(Records for this exercise begins)
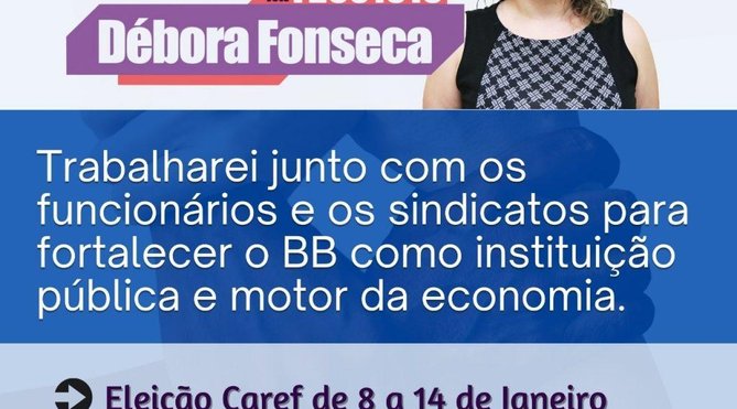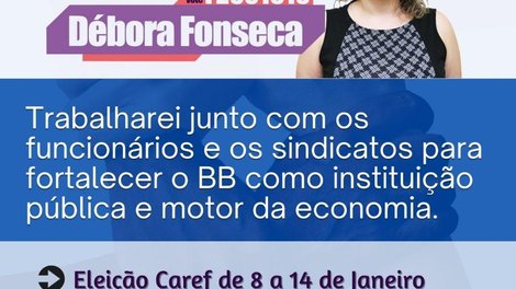Os funcionários do Banco do Brasil vão escolher entre esta sexta-feira 8 de janeiro e a quinta-feira 14, em primeiro turno, seu representante no Conselho de Administração do BB (Caref). A Federação dos Bancários do Centro-Norte (Fetec-CUT/CN) apoia à reeleição a candidata Débora Fonseca (F2331616), para dar continuidade ao trabalho de fortalecer a luta em defesa do BB público, a serviço do desenvolvimento econômico e social e como principal agente de crédito para atividades produtivas geradoras de emprego e renda.
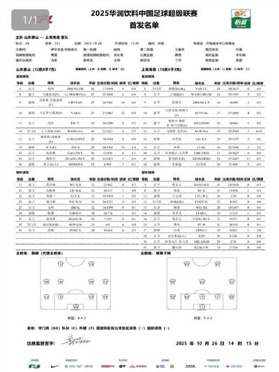 Đội hình xuất phát của Sơn Đông Taishan: 14-Wang Dalei, 5-Zheng Zheng, 15-Luis Lopez (F), 11-Liu Yang, 33-Gao Zhunyi, 35-Huang Zhengyu, 8-Madruga (F), 19-Zeka (F), 38-Li Xiaoheng, 10-Kazaishvili (F), 9-Kresan (F)
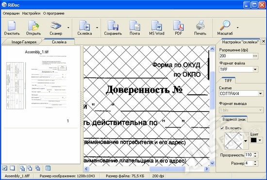 Интерфейс RiDoc простой и интуитивно понятный, работать с утилитой несложно. Утилита приспособлена для работы со сканерами, обладающими функцией автоматической подачи листов. Отсканированные изображения сохраняются в нескольких популярных форматах. Программа позволяет менять разрешение файла, а также производить другие настройки. Кроме этого, есть возможность сохранения изображений в виде файла PDF и в файл Word. При необходимости на изображение накладываются водяные знаки. Полученные в результате сканирования файлы можно сохранить при помощи «Быстрых папок». Программа позволяет отправить полученную электронную версию документа по электронной почте, а также сохранить все варианты документов в один общий файл.
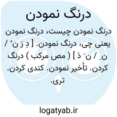 درنگ نمودن. [ دِ رَ ن ُ / ن ِ / ن َ دَ ] ( مص مرکب ) درنگ کردن. تأخیر نمودن. کندی کردن. تری. تعریش. تفخذ. تهنید. مُعارّة. ( منتهی الارب ): تعجس؛ درنگ نمودن و بازایستادن. تقطی؛ درنگ و تأخیر نمودن. مداومة؛ همیشه داشتن چیزی را و درنگ نمودن در آن. ( از منتهی الارب ).
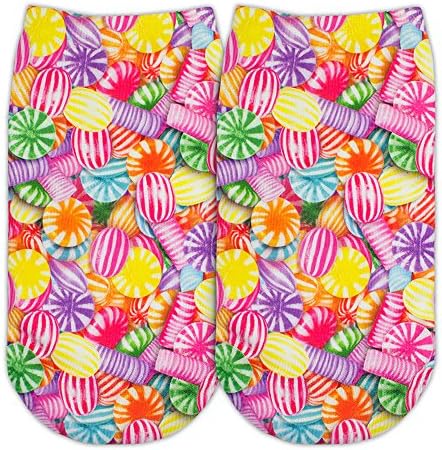 Includes 1 pair of girls printed food and candy socks. Select from cheeseburger/hamburger, cupcake, french fry, pepperoni pizza, runts candy, rainbow sprinkles, or mint swirl hard candy designs. Novelty socks are the latest fashion trend among little girls, tweens, big girls, and teens.
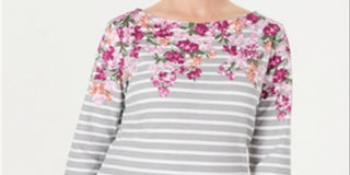 Karen Scott Blusa Feminina Listrada Floral Gola Canoa Azul Marinho Floral Tamanho Pequeno P
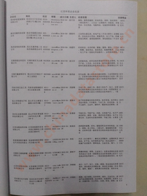 江蘇外貿(mào)企業(yè)黃頁包括:外貿(mào)企業(yè)名稱、地址、電話、傳真、郵箱、經(jīng)營范圍、注冊(cè)資金等信息。
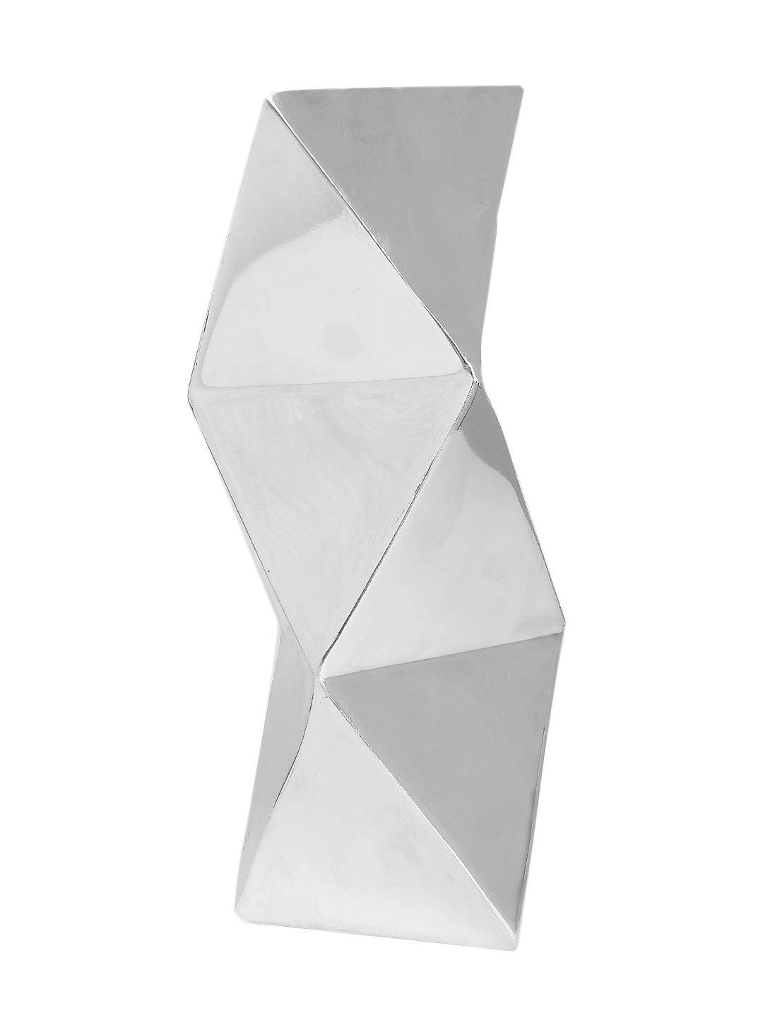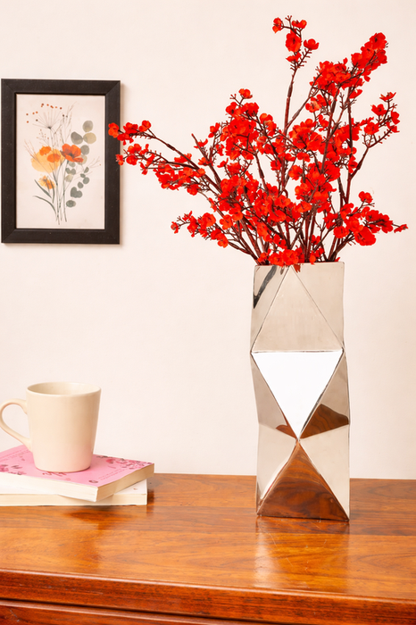 Modern Geometric Silver Metal Vase with Red Artificial Flowers | Luxury Home Décor by Sthulas
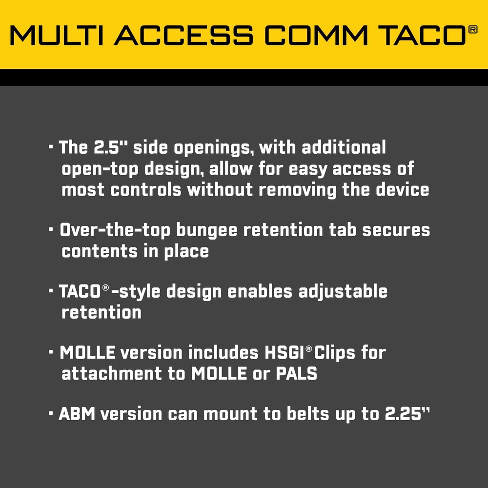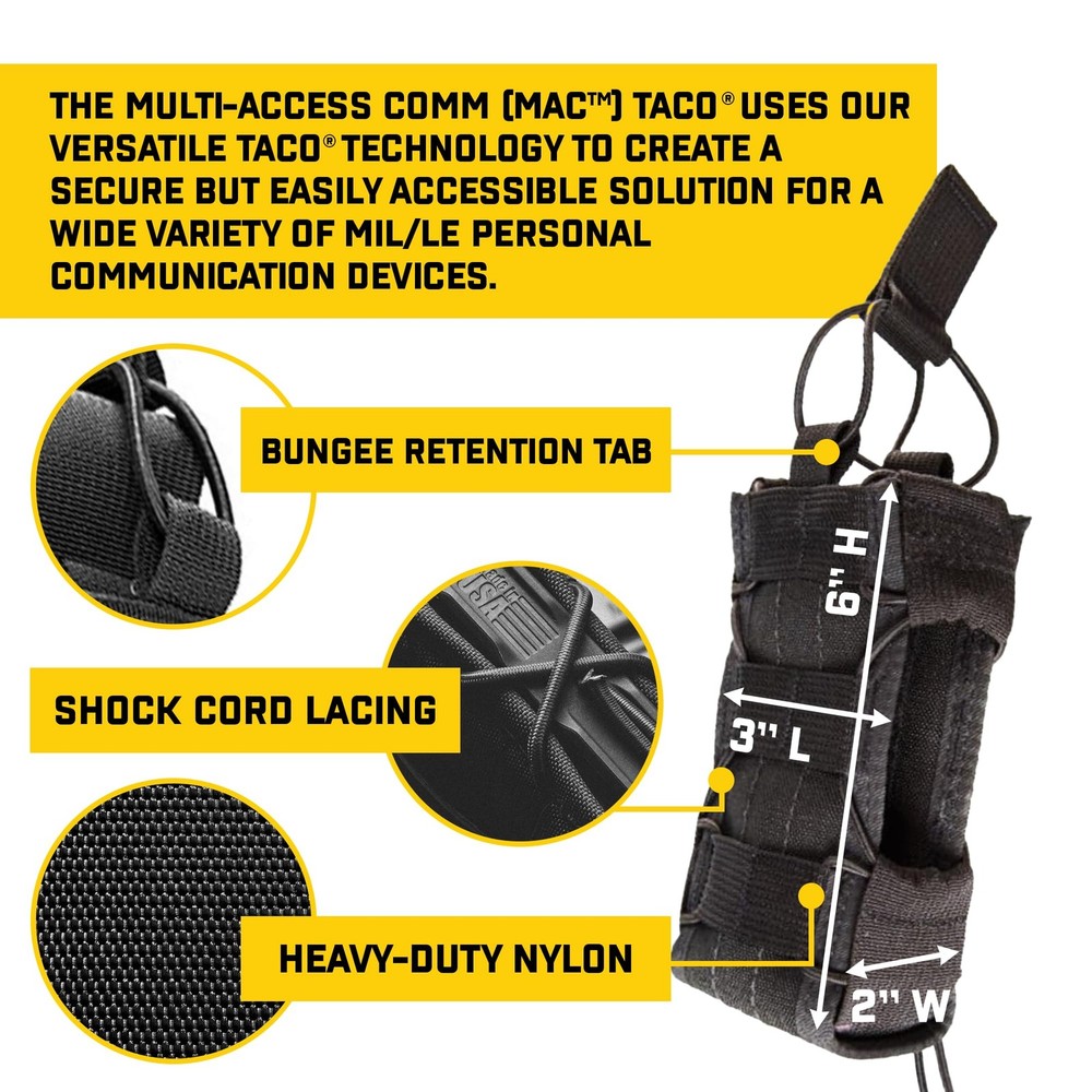 - Multi-Access Comm (MAC) Taco MOLLE Pouch, Police Gear & Military Gear, MOLLE Radio Pouch, Tactical Pouch for Professionals (Black) ADJUSTABLE RETENTION: This radio pouch uses shock cords to hold a wide variety of radios securely during movement, yet allows for quick & quiet access. 2.5" side openings allow you to reach most controls while the radio is still in the pouch. VERSATILE: This pouch measures 3"L x 2"W x 6"H, and weighs 0.27 lbs. Use any MAC item and benefit from an over-the-top shock cord retention tab. The high-quality, water-resistant nylon makes it durable to withstand tough conditions. MOLLE COMPATIBILITY: Attach this pouch effortlessly to your MOLLE belts, vests, and backpacks or PALS webbing with the included clips. MILITARY-GRADE, PROFESSIONAL QUALITY: Trusted by the Military and law enforcement, products feature unmatched materials, innovative technology, and industry leading design and construction. ONE-STOP SHOP: Enjoy the suite of products including belts, admin pouches, medical pouches, plate carriers, shoulder pads, and utility pouches. All products are built to last and come with a lifetime guarantee!
(Records for this exercise ends)
#### [Your task]
The entries above need to be output again in full, exactly, and without pictures.

#### [Exercise solution]
Os funcionários do Banco do Brasil vão escolher entre esta sexta-feira 8 de janeiro e a quinta-feira 14, em primeiro turno, seu representante no Conselho de Administração do BB (Caref). A Federação dos Bancários do Centro-Norte (Fetec-CUT/CN) apoia à reeleição a candidata Débora Fonseca (F2331616), para dar continuidade ao trabalho de fortalecer a luta em defesa do BB público, a serviço do desenvolvimento econômico e social e como principal agente de crédito para atividades produtivas geradoras de emprego e renda.
 Đội hình xuất phát của Sơn Đông Taishan: 14-Wang Dalei, 5-Zheng Zheng, 15-Luis Lopez (F), 11-Liu Yang, 33-Gao Zhunyi, 35-Huang Zhengyu, 8-Madruga (F), 19-Zeka (F), 38-Li Xiaoheng, 10-Kazaishvili (F), 9-Kresan (F)
 Интерфейс RiDoc простой и интуитивно понятный, работать с утилитой несложно. Утилита приспособлена для работы со сканерами, обладающими функцией автоматической подачи листов. Отсканированные изображения сохраняются в нескольких популярных форматах. Программа позволяет менять разрешение файла, а также производить другие настройки. Кроме этого, есть возможность сохранения изображений в виде файла PDF и в файл Word. При необходимости на изображение накладываются водяные знаки. Полученные в результате сканирования файлы можно сохранить при помощи «Быстрых папок». Программа позволяет отправить полученную электронную версию документа по электронной почте, а также сохранить все варианты документов в один общий файл.
 درنگ نمودن. [ دِ رَ ن ُ / ن ِ / ن َ دَ ] ( مص مرکب ) درنگ کردن. تأخیر نمودن. کندی کردن. تری. تعریش. تفخذ. تهنید. مُعارّة. ( منتهی الارب ): تعجس؛ درنگ نمودن و بازایستادن. تقطی؛ درنگ و تأخیر نمودن. مداومة؛ همیشه داشتن چیزی را و درنگ نمودن در آن. ( از منتهی الارب ).
 Includes 1 pair of girls printed food and candy socks. Select from cheeseburger/hamburger, cupcake, french fry, pepperoni pizza, runts candy, rainbow sprinkles, or mint swirl hard candy designs. Novelty socks are the latest fashion trend among little girls, tweens, big girls, and teens.
 Karen Scott Blusa Feminina Listrada Floral Gola Canoa Azul Marinho Floral Tamanho Pequeno P
 江蘇外貿(mào)企業(yè)黃頁包括:外貿(mào)企業(yè)名稱、地址、電話、傳真、郵箱、經(jīng)營范圍、注冊(cè)資金等信息。
 Modern Geometric Silver Metal Vase with Red Artificial Flowers | Luxury Home Décor by Sthulas
 - Multi-Access Comm (MAC) Taco MOLLE Pouch, Police Gear & Military Gear, MOLLE Radio Pouch, Tactical Pouch for Professionals (Black) ADJUSTABLE RETENTION: This radio pouch uses shock cords to hold a wide variety of radios securely during movement, yet allows for quick & quiet access. 2.5" side openings allow you to reach most controls while the radio is still in the pouch. VERSATILE: This pouch measures 3"L x 2"W x 6"H, and weighs 0.27 lbs. Use any MAC item and benefit from an over-the-top shock cord retention tab. The high-quality, water-resistant nylon makes it durable to withstand tough conditions. MOLLE COMPATIBILITY: Attach this pouch effortlessly to your MOLLE belts, vests, and backpacks or PALS webbing with the included clips. MILITARY-GRADE, PROFESSIONAL QUALITY: Trusted by the Military and law enforcement, products feature unmatched materials, innovative technology, and industry leading design and construction. ONE-STOP SHOP: Enjoy the suite of products including belts, admin pouches, medical pouches, plate carriers, shoulder pads, and utility pouches. All products are built to last and come with a lifetime guarantee!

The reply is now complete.